In 2016, the world generated 44.7 million metric tonnes (Mt) of e-waste, of which only 20 per cent was recycled. 76 per cent of e-waste was either dumped or treated by the informal industry in ways harmful to the environment as well as human health.  

The world’s largest producer of e-waste is Asia (18.2 Mt) followed by Europe (12.3 Mt), the Americas (11.3 Mt), Africa (2.2 Mt), and Oceania (0.7 Mt). Of all the continents, Europe has the highest collection and recycling rate, at 35 per cent.

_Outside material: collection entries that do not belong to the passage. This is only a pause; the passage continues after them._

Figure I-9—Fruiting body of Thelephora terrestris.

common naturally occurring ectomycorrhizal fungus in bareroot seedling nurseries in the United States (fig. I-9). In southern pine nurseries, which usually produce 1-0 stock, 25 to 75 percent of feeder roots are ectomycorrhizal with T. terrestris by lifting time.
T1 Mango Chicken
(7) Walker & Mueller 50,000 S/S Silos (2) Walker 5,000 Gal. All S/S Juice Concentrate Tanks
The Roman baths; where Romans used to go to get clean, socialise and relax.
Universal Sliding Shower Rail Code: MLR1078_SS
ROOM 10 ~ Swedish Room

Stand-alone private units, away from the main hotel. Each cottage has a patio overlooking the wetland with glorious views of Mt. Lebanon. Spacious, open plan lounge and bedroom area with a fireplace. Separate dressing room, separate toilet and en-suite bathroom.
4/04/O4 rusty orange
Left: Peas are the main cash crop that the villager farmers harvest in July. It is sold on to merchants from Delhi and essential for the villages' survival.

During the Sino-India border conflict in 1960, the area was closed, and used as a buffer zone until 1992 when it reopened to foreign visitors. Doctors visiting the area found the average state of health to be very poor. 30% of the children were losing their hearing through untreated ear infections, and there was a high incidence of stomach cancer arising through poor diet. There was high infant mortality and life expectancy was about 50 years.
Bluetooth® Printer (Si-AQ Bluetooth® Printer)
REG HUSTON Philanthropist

The Basel Convention of 1989 stated that in order to protect human health and the environment, hazardous waste should not be traded freely like ordinary commercial goods. Yet, developed nations send their underutilised/ used electronics and electricals to developing nations, most of which are rendered useless on arrival. Disguised as products, a lot of electronic waste is exported from USA and EU into African and Asian nations such as Nigeria and India which do not have adequate infrastructure to handle this waste. A case study on Nigeria showed that in 2015- 2016, EU member states sent 77 per cent of e-waste to Nigeria. As per the Directorate General of Foreign Trade, illegal import of e-waste in India stands at about 50,000 tonnes annually.

E-waste production across the world

 

Source:  Global E-waste Report, 2017

What classifies as e-waste?

Simply defined, e-waste is any digital, electrical and electronic equipment that is no longer in use. Technically, it is also addressed as WEEE – Waste from Electric and Electronic Equipment. The report found that only 61 countries comprising of world’s 66 per cent population have legislations for e-waste management. Of these 61, only 41 countries have official e-waste statistics.

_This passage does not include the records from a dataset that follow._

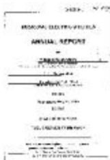
Municipal electric utilities annual report of the Village of Skaneateles to the Public Service Commission, 2005 (NYSA_13345-13_Village_of_Skaneateles_2005)
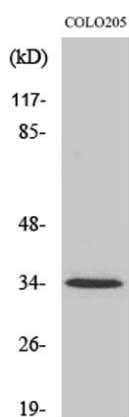
Western Blot analysis of various cells using Olfactory receptor 5P3 Polyclonal Antibody

proteins are members of a large family of G-protein-coupled receptors (GPCR) arising from single coding-exon genes. Olfactory receptors share a 7-transmembrane domain structure with many neurotransmitter and hormone receptors and are responsible for the recognition and G protein-mediated transduction of odorant signals. The olfactory receptor gene family is the largest in the genome. The nomenclature assigned to the olfactory receptor genes and proteins for this organism is independent of other organisms. [provided by RefSeq, Jul 2008],
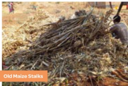
Old Maize Stalks

In Mphemba, just outside Blantyre farmers gathered together for hands-on training. Chopping up the maize stalks took a lot of work and the men took it in turns to wield their machetes. When enough mulch was ready everyone was gathered round an oblong area of ground which had been cleared and marked out by poles. Gradually layers of maize mulch, old soya roots, green leaves and then a thinner layer of chicken manure were laid on top of one another. Before every handful was laid however, it was thoroughly soaked in water.
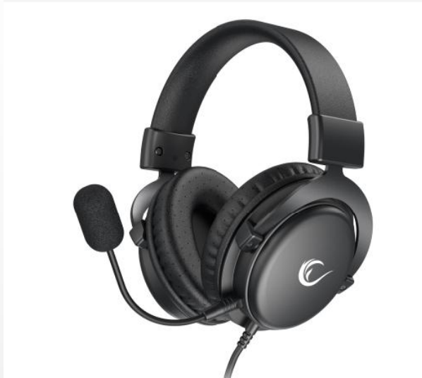
GP036 model is low end of this serial and for expand market
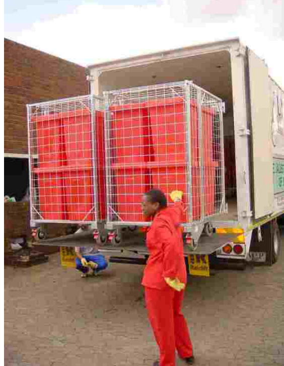
Wheeled transfer of stackable boxes using lifting tail gate
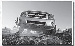
Escape's optional Intelligent 4WD System is always on and always working. It automatically monitors traction and adjusts torque distribution as needed to give you maximum grip.
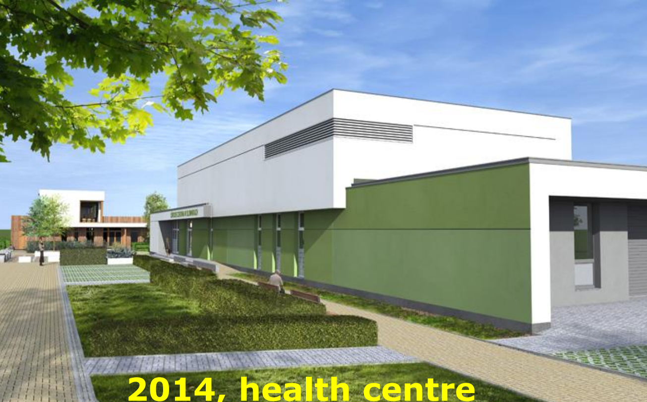
2014, health centre
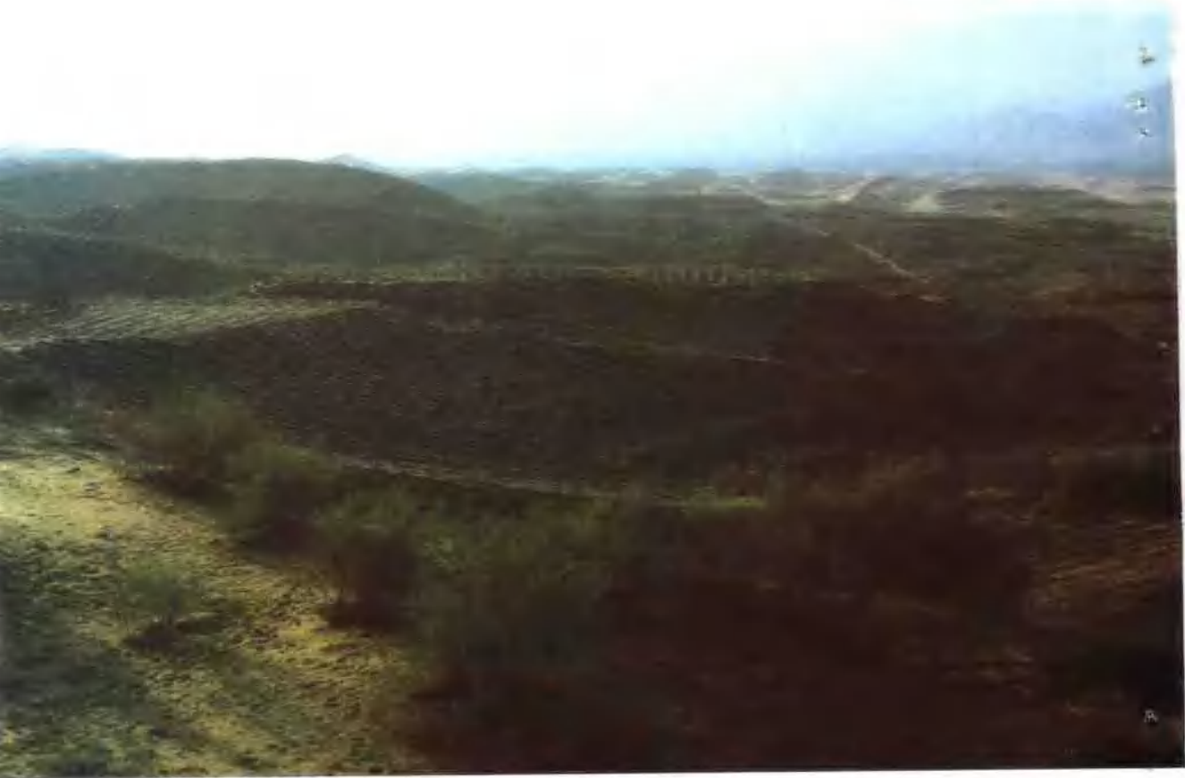
Fixing sand with checks in a section of drift sand in the south edge of the Tengger Desert
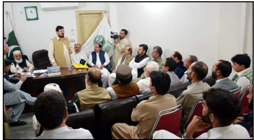
SWAT: Governor Khyber Pakhtoonkhwa Haji Ghulam Ali addressing office bearers of Chamber of Commerce & Industry and trader community during his visit of Swat.
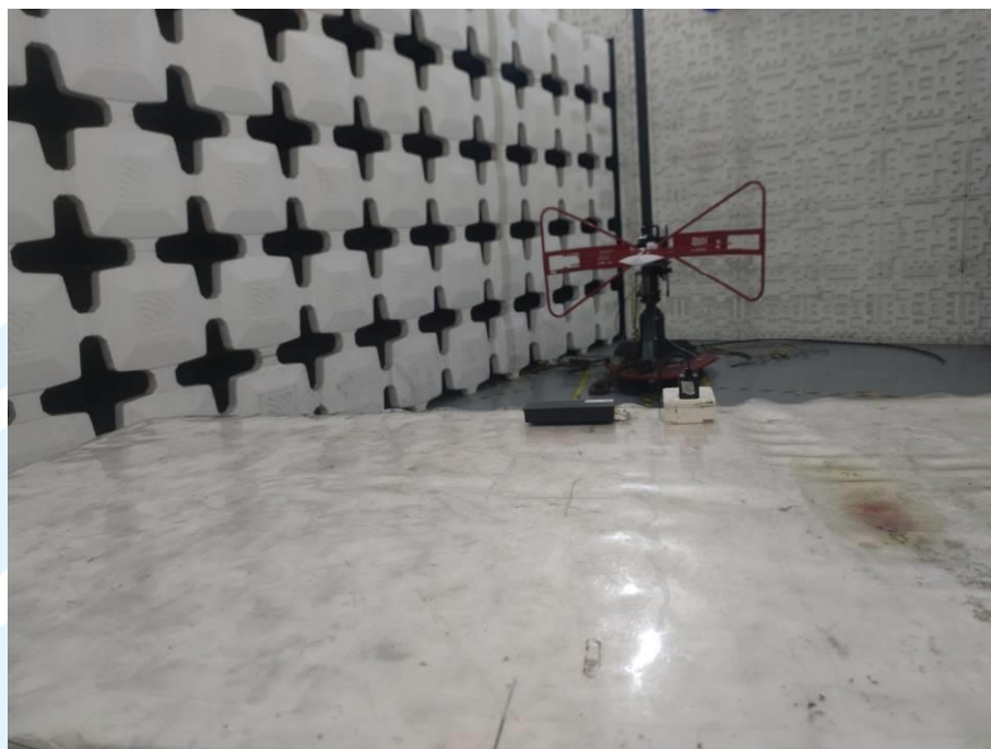
Radiated emission Test Setup-1 (30 MHz~1 GHz)
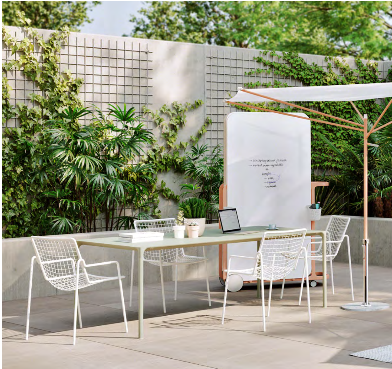
Coalesse Emu Terramare Rectangular Table Coalesse Emu Rio Dining Chairs Steelcase Flex Freestanding Screen

Previous Spread Extremis Gargantua Picnic Table Extremis Inumbra Shade
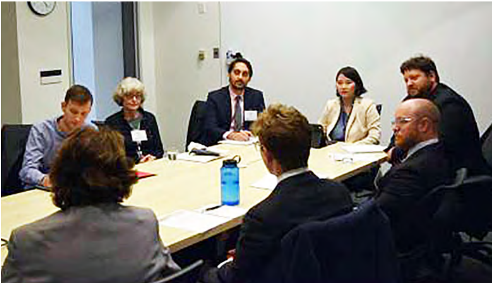
Breakout discussion on improving evidence for retrospective policy analysis

Despite the value of retrospective review, the consensus among session attendees was that agencies have not been doing a good job in retrospective review. There are at least two major challenges .
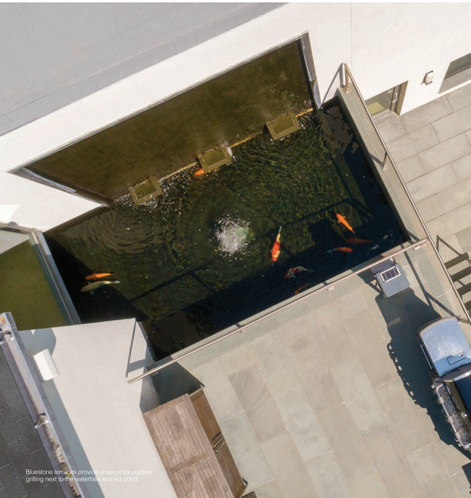
Bluestone terraces provide a venue for outdoor grilling next to the waterfalls and koi pond.

blunted gable form sported by its adjacent companions, differentiating itself by the inclusion of three one-and-a-half-story, floor-to-ceiling glazed walls. Glittering like a jewel, the mass delicately anchors the corner of the house, resting atop a lower level that is the only area extending to grade below the
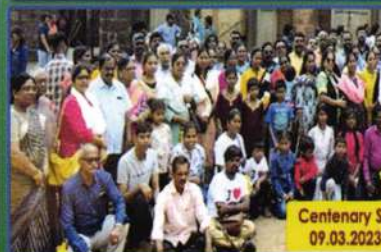
Centenary Staff Tour (GOA) 09.03.2023 to 12.03.2023
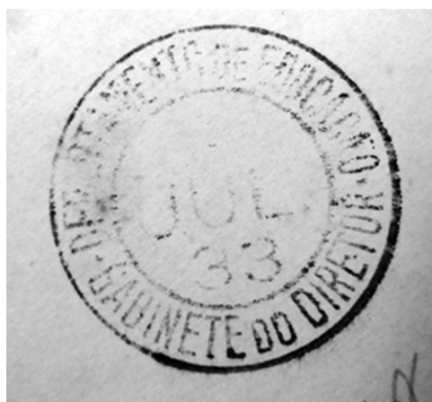
Figure 3 – Stamp in the copy belonging to the Paulo Bourroul Collection
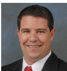
Sen. Travis Hutson
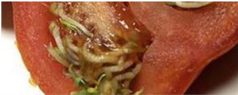
(13) Signs That Your Body Is Fighting Cancer (Photos)
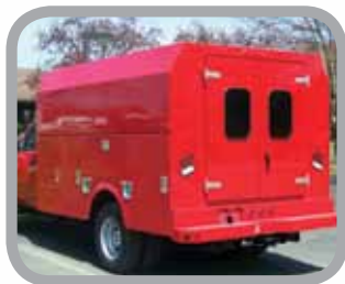
High Roof (60" pictured)
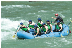
How I spent my summer vacation!
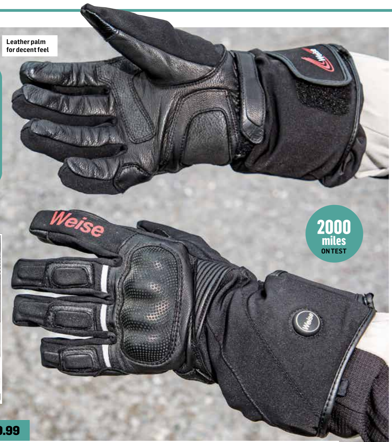
Leather palm for decent feel

TRIED & TESTED MCN STAFF RATE THEIR RIDING KIT ★★★★★

The environmental relevance, weight, size, and material composition differ considerably for each electrical or electronic product. Taking these differences into account, categorisation can be grouped into roughly 54 homogeneous product types, referred to as the UNU-keys. In the figure below, 54 UNU-keys have been grouped into six categories rearranged under WEEE Directive and gives the estimated growth rates per category for ten years up to 2020. Almost all categories have seen a rise in the last decade but of all only CRT screens is seeing a decline in production, whereas it is expected that waste from temperature exchange equipment and small and large equipment will have the largest growth rates.

E-waste flow

The lifecycle of e-waste can be broadly represented in three steps: material flow, lifecycle and geographical boundary. There are three scenarios in which e-waste management is conducted. First, waste is collected through an informal sector which may recycle or dump the e-waste. In the second, e-waste is mixed with municipal solid waste and dumped in landfills. Lastly, producers responsible for their e-waste develop an Extended Producers Responsibility system. Most counties have combinations of these scenarios.

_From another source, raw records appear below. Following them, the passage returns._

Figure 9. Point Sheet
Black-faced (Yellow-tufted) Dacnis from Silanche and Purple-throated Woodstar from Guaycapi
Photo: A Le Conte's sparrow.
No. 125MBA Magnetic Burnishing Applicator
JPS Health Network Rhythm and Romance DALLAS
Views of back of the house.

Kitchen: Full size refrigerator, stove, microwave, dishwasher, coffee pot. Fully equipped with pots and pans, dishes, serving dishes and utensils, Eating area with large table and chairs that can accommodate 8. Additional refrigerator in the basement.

The route to manage e-waste is through data

The amount of e-waste is expected to increase to 52.2 million metric tonnes by 2021 with per capita amounting to 6.8 kg per annum from 6.1 kg per annum. An annual growth rate of 3 to 4 per cent is expected.

For better accountability, all the remaining countries in the world should form legislation for management and handling of e-waste. Dumping e-waste from developed countries to developing/under-developed should be regulated. Legislations would lead to better data on the generation and processing of e-waste. Better data will help improve track the amount of e-waste generated, reduce e-waste, promote recycling, and prevent illegal dumping and emissions. It will also help create jobs, set and assess targets and policies, identify best practices.

The total value of all raw materials present in e-waste is estimated to be 55 billion Euros in 2016, which is more than the 2016 Gross Domestic Product of most countries in the world. The value of raw materials in wasted mobile phones was 9.4 Billion Euros alone. Up to 60 elements from the periodic table can be found in complex electronics, and many of them are technically recoverable like the precious metals, including gold, silver, copper, platinum, and palladium. E-waste inventorisation will also lead to better recovery for the materials, thus creating a circular economy beneficial for economic and employment opportunities for e-waste management in the world.